Claude had jerked away from the door the second he realized what was going on. I could tell by his face he thought we shouldn’t be spying on a friend. I stayed, though, feeling something new, something cold-hot, like shame and pleasure swirled together in a gummy ball. I tried to picture what Ant was doing while his dad was talking to him but not talking to him. Was his mom there, too?

I guess I’m just terrible, Ant. I guess I can’t do anything right. Your ma hates for us to have a good time, that must be it. She thinks I’m not looking hard enough for a job, but she doesn’t know that I’m out there all day, pounding the pavement.

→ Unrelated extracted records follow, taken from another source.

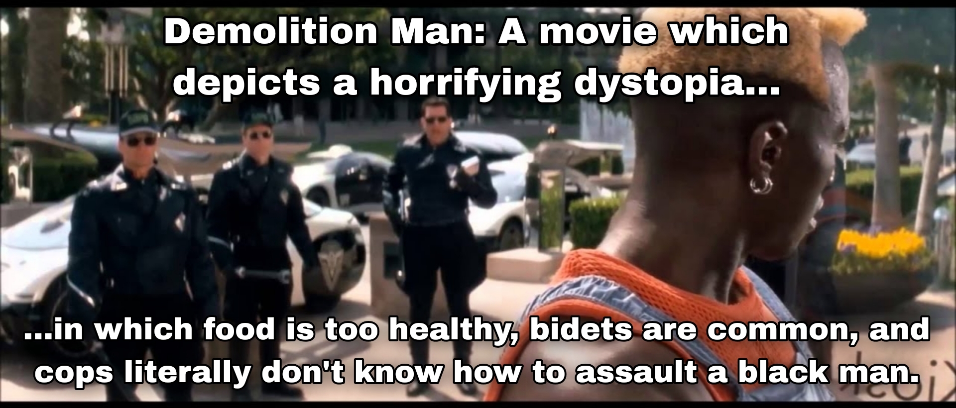 Top Text: Demolition Man: A movie which depicts a horrifying dystopia…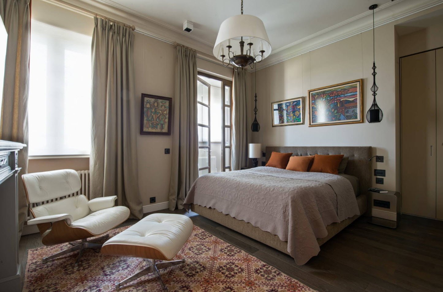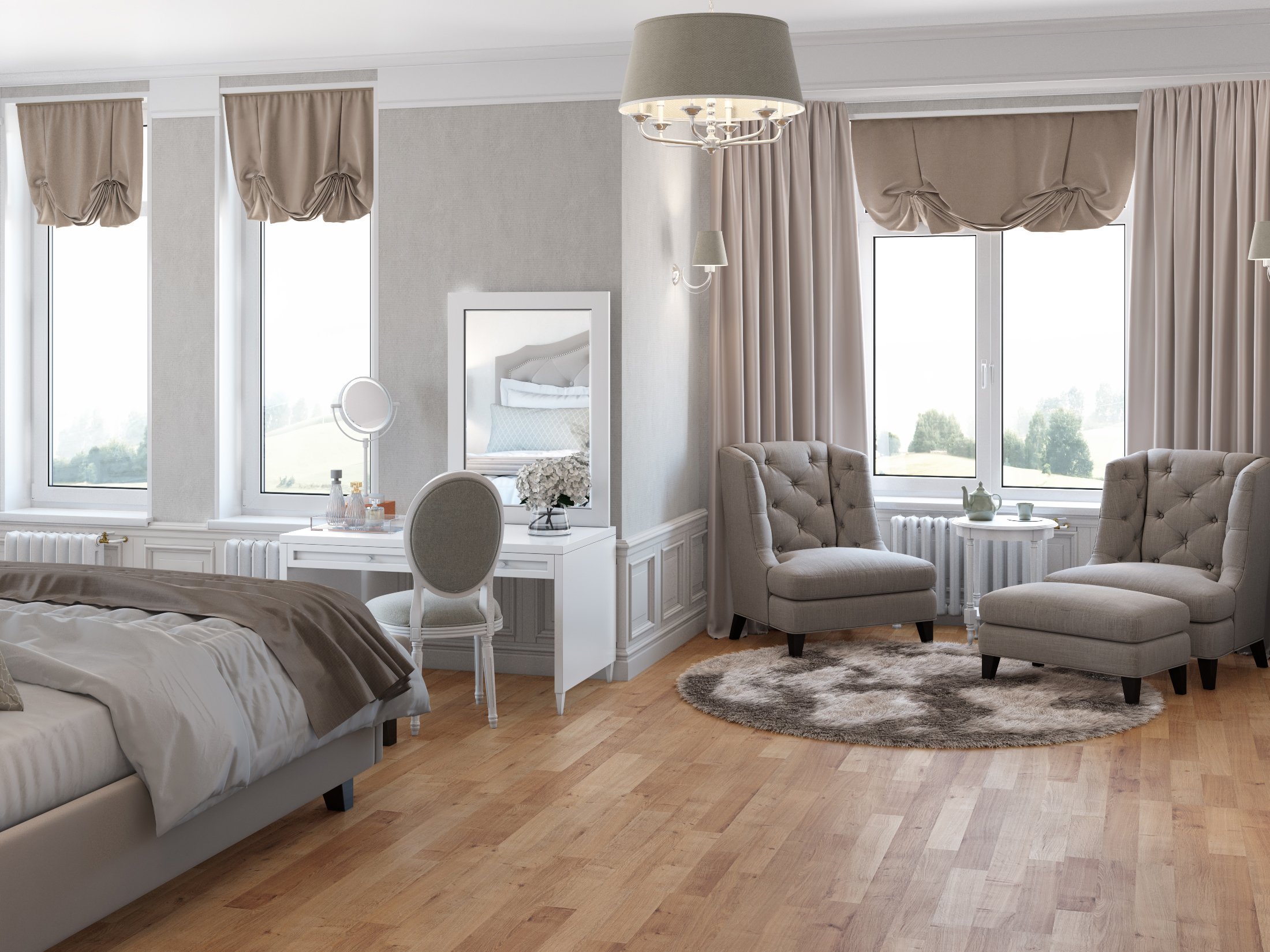 Спальня с большим окном в классическом стиле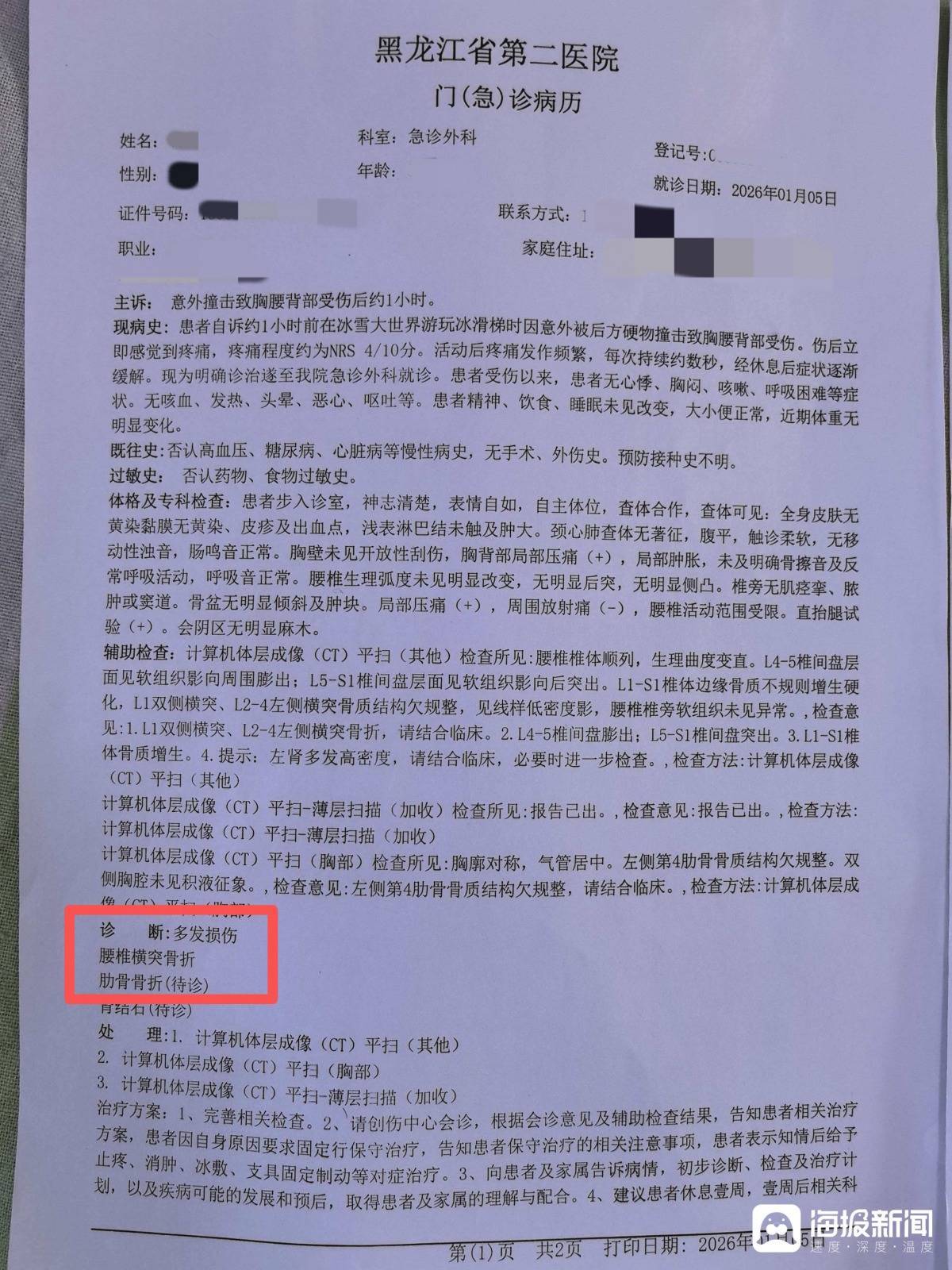 “患者自诉,约1小时前在冰雪大世界游玩冰滑梯时,因意外被后方硬物撞击,致胸腰背部受伤,伤后立即感觉到疼痛……”杜先生向记者提供了其妻子于1月5日在黑龙江省第二医院就诊的病历,诊断患者为腰椎横突骨折、肋骨骨折(待诊)等。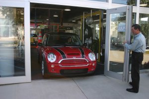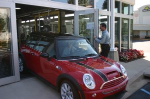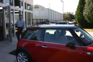 10/25/2006 Mom picked me up today in Greenville, SC. I was on the showroom floor when she arrived and she drove me off of it.. On the way home we pulled up along side another red MINI they were excited to see us pointing and waiving..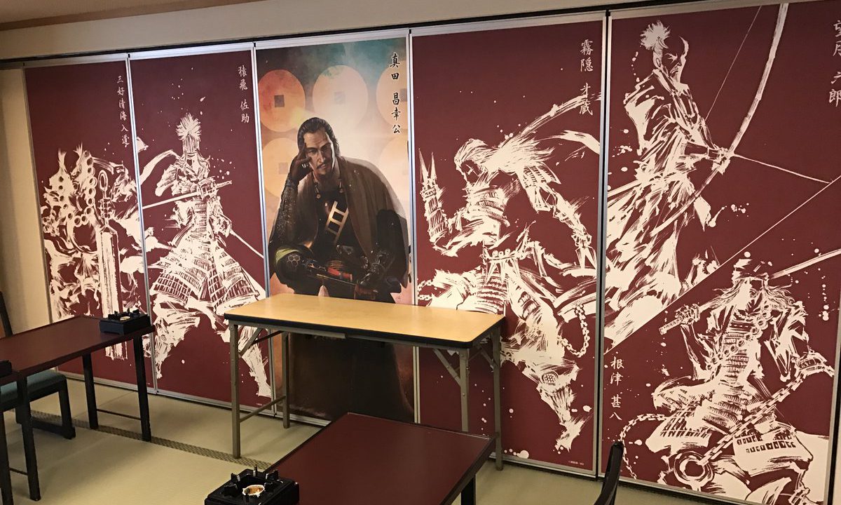 老舗「中松屋」の宴会場に真田十勇士を赤と白で表現 老舗「中松屋」の宴会場に真田十勇士を赤と白で表現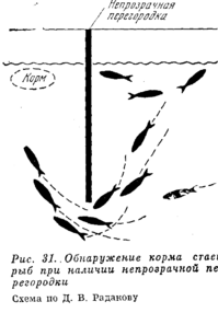 Значение стаи (пли вообще группирования) животных при питании также довольно разнообразно. Прежде всего, в группах животные легче находят скопления пищи. Как показали опыты, проведенные с молодью сайды, та часть рыб из стаи, которая обнаружила корм и бросалась к нему, увлекала за собой других рыб стаи, которые не могли видеть корма (он был от этих рыб скрыт непрозрачной перегородкой), а те в свою очередь увлекали еще более отдаленных сочленов стаи (См. рис3.1) . Таким образом, стадность облегчала рыбе поиск пищи, и в считанные секунды вся стая собиралась на скоплении кормовых организмов, обнаруженных лишь частью ее сочленов.

I heard Ant grunt in reply, that’s how close he stood to the basement door. It was enough to push my ear away. Claude and I made our way back to the party together, quiet, not looking at each other, not saying a word until we reached the Pitts’.

The next time I saw Ant, it was like he knew what we’d overheard. He acted all embarrassed and aggressive, shoving Claude on the icy playground, yelling at me when I told him to back off. It was about the same time last winter that he sleep-moaned during the symposium. I wanted to tell him he didn’t have to feel bad, that we all had weird stuff going on in our heads and behind our doors, but I didn’t.

Anyhow, Ant sort of faded away from the rest of us shortly after the night Claude and I (me more than Claude) spied outside his door. The few times he traveled in our pack, he acted so flustered, blurting out I don’t know in a small voice anytime we asked him a question, that it was almost a relief when he started hanging with Ricky.

Claude swatted a mosquito that had landed on his neck as we waited for Brenda and Maureen. That was another good thing about the tunnels—no bugs. He punched me lightly on the arm. “What’s the skinny?”